Pranesh Srinivasan

Data. Hacks. Opinions.


Earlier today, the New York times published a wonderful visualization on how family income affects children’s college chances. The visualization uses a new you-draw-it-first paradigm, where the reader guesses the expected relationship / trend before being shown the actual data. I found the idea very cool. Go ahead and try it, I’ll wait. It’s easy to see why this is easily one of my favourite NY Times visualizations ever.

Except, they chose the wrong dataset to exhibit the you-draw-it-first paradigm.

Spoiler Alert

After you proceed to draw your guess, you find out that the relationship between “Percent of children who attend college” and “Parents’ income percentile” turns out to be surprisingly1 linear. Apart from the article itself calling the result “astonishing”, the aggregate responses given by NY Times readers (as of my writing the post) looks like the shaded region in this2:

Aggregate of Trends drawn by NY Times Readers - 10:45 PM PDT

As it turns out, the linearity arises only because of a few tricks at play here:

  • Income Rank in the US is distributed ~log(Dollar Income).
  • The original paper, Chetty, Hendren, Kline, talks about the quality of college attended as well, which the NYTimes article leaves it out.
  • The original paper defines attending college as the mere presence of one or more 1098-T filing for a child. This definition is very broad and includes everything from universities to vocational schools.

Let’s choose an x-axis we intuitively understand

Let’s really dig in and see if this is as unintuitive as the article makes it seem. First let’s collect centile income data from Raj Chetty’s Equality of Opportunity. Since raw data of college attendance and quality is not readily avaiable, let’s reconstruct them off of the graphs in the paper3.

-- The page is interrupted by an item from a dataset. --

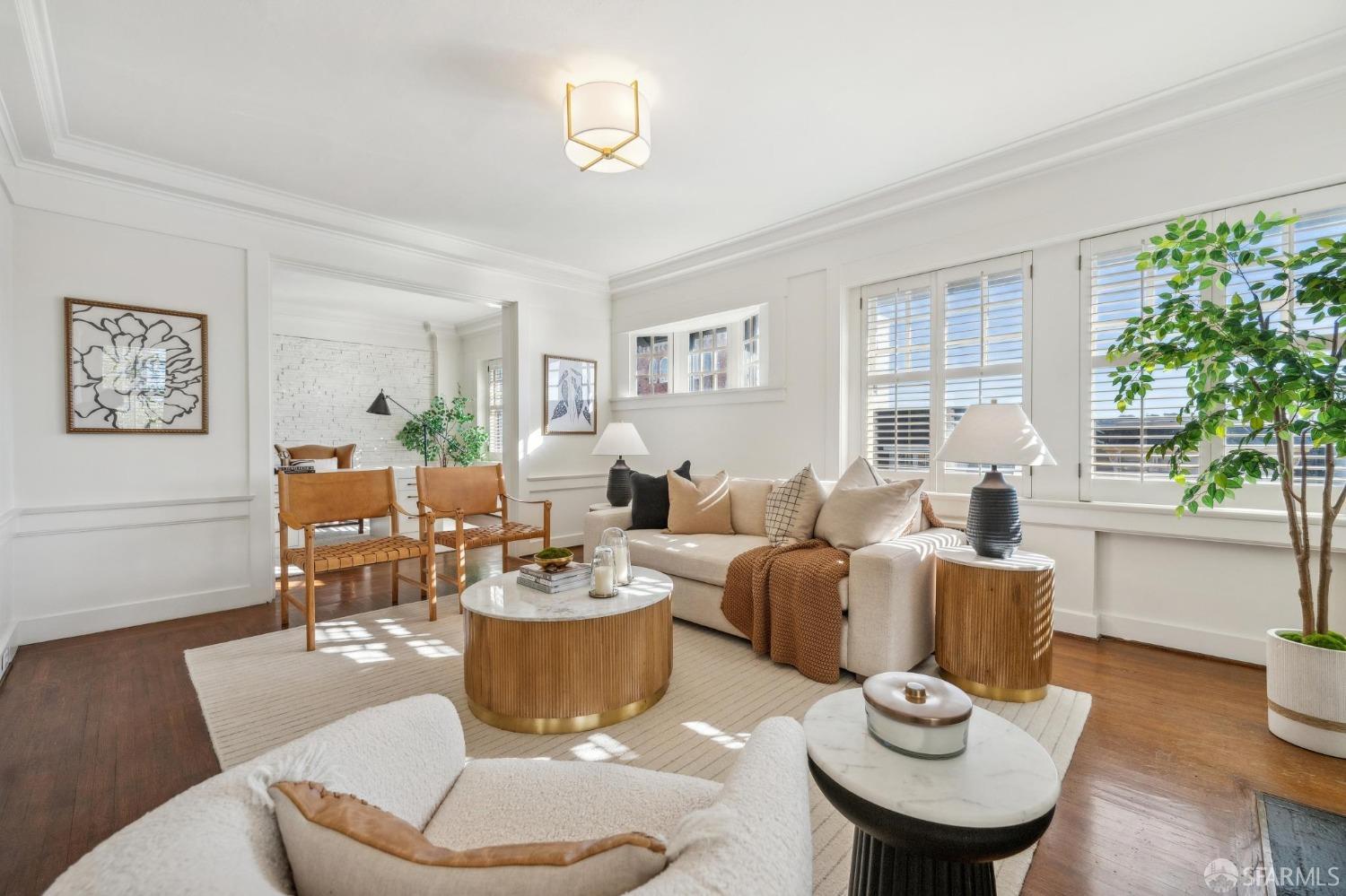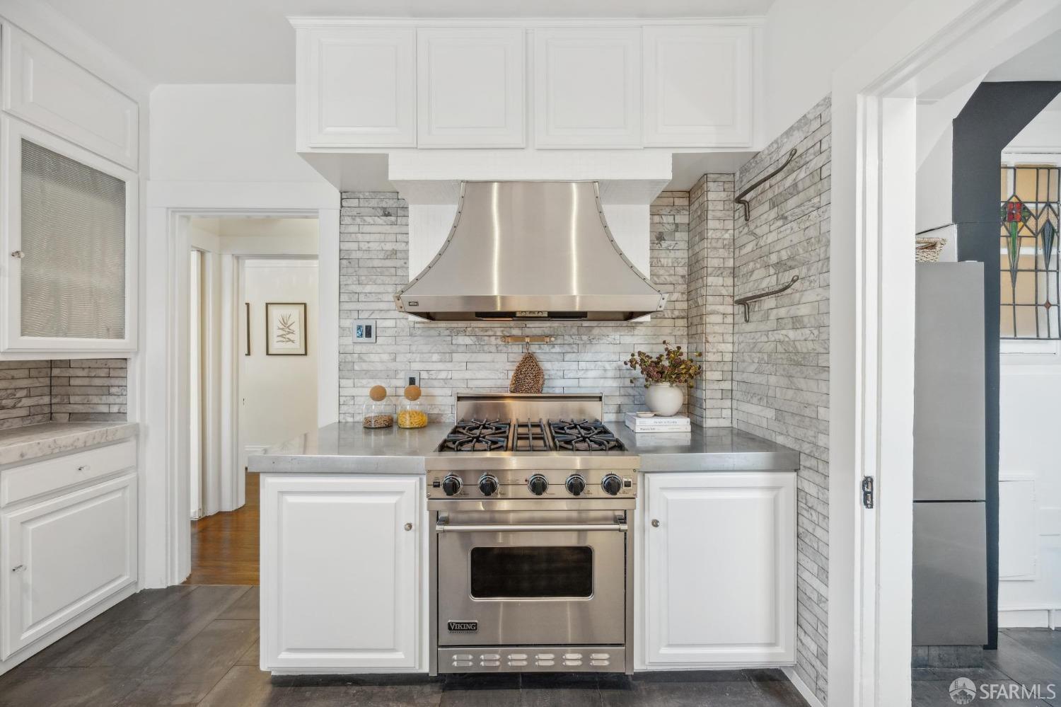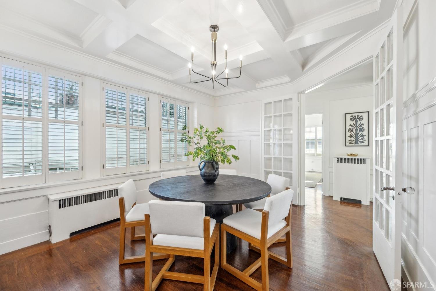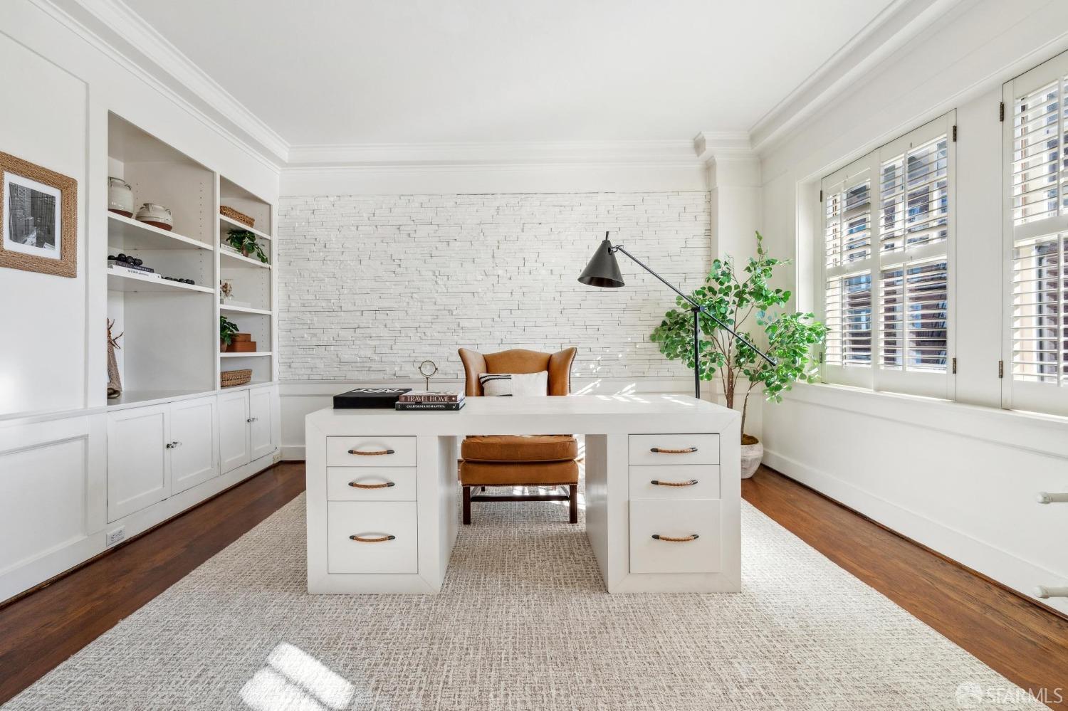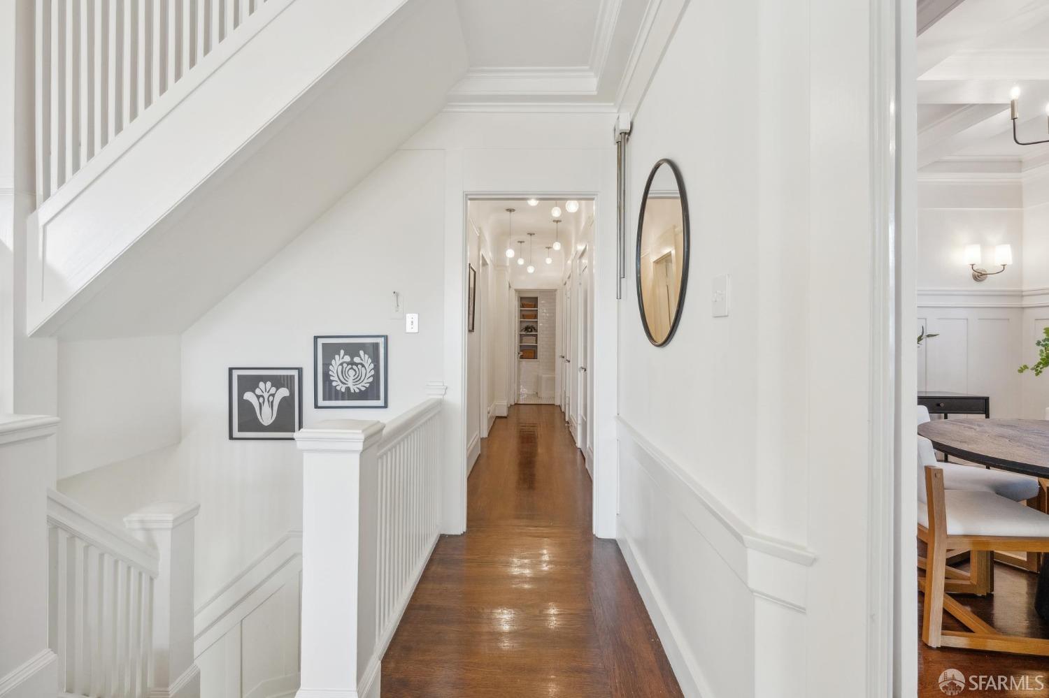 This stunning Craftsmanis located on the border of coveted Presidio and Pacific Heights. Featured in "Travel Home", this exquisite top-floor, two-level flat boasts timeless vintage details and south facing light w/ windows in every room. The spacious entry foyer sets the tone for the refined living experience. The main level includes a formal living room with a charming fireplace. Adjacent is a parlor with a granite-tiled designer wall and built-in cabinets for a separate office or media room. Entertain in style in the formal dining room, featuring elegant coffered ceilings, glass-paned French doors, and elegant wainscoting. The upgraded Chef's kitchen includes high-end appliances Carrera marble and zinc counters, an abundance of cabinets and storage, a butler pantry, custom lights, and a laundry area with bar sink and washer/dryer adding to the functionality and charm of the kitchen. Completing the main level are two spacious bedrooms and a split bath, offering comfort and privacy for family and guests alike. Upstairs is the ensuite primary retreat with a walk-in closet and City outlook. A walk-in attic space provides good storage. Nearby are parks, Sacramento Street, Laurel Village, cafes, restaurants, and shops. Clay is a Slow Street - 97 Walk Score and popular w/cyclists.

To verify our data, let’s first plot College and Attendence vs Rank as the paper does:

Attendance, Quality vs Rank (Reproduced as in Chetty's paper)

Here’s the same chart drawn against actual Income Dollars as opposed to Income Rank on the horizontal axis:

Attendance, Quality vs Income Dollars

This is immediately easier to relate to as the horizontal axis is far more intuitive. We all know how much a thousand dollars is (as opposed to an income centile), and how hard it is to get a $1000 raise as opposed to how hard it is to get one that will push us up by one percentile2.

What does a percentile amount to?

The article states, “Moving up a single percentile on the family-income distribution makes enrolling in college about 0.7 percentage points more likely”. That’s incredibly hard to wrap my head around. How much is a percentile in dollar terms? Again, quoting, “About $2,400 in annual income separates the bottom two dots, while nearly $1 million separates the top two”.

Asking the reader to guess the relationship against Income Rank as opposed to Income Dollars is the difference between asking users to draw f(x) against log(x) as opposed to x!

Using the right axes matter!

Are we measuring the right thing?

College quality and attending college only tell part of the story. What’s really important is how much these children make when they are older. Chetty, Hendren, Klein do collect and present how “Family Income of Child at age of 31” varies with Parent’s Income Rank. Here’s a Google Sheets rendition of their data:

Attendance, Quality, Family Income of Child vs Rank

Here’s the same data plotted against our preferred horizontal axis of Parent Income Dollars:

Attendance, Quality, Family Income of Child vs Rank

This graph is far easier to understand! In fact, it begin to tell a story. A story of a world where the challenges of pursuing a quality college4 education bottoms out with income, but at the same time, a world where the money one is likely to make is directly proportional to the financial resources one has growing up.

If you made it this far, here’s the data along with interactive charts. As a bonus, here’s a sweet treat for you - a Toby Morris comic that tells a similar story.

  1. The entirety of the charm of a you-draw-it-first charm presumably lies in a surprise such as this. With that considered, the surprise isn’t that surprising after all.
  2. Yep, my intention was to draw an S curve - but my impatience got the better of me!
  3. Extrapolation was easy since the paper mentions that college attendance is linear with rank, and college quality is quadratic.
  4. By college, we really mean an educational institution that had to file a Form 1098-T.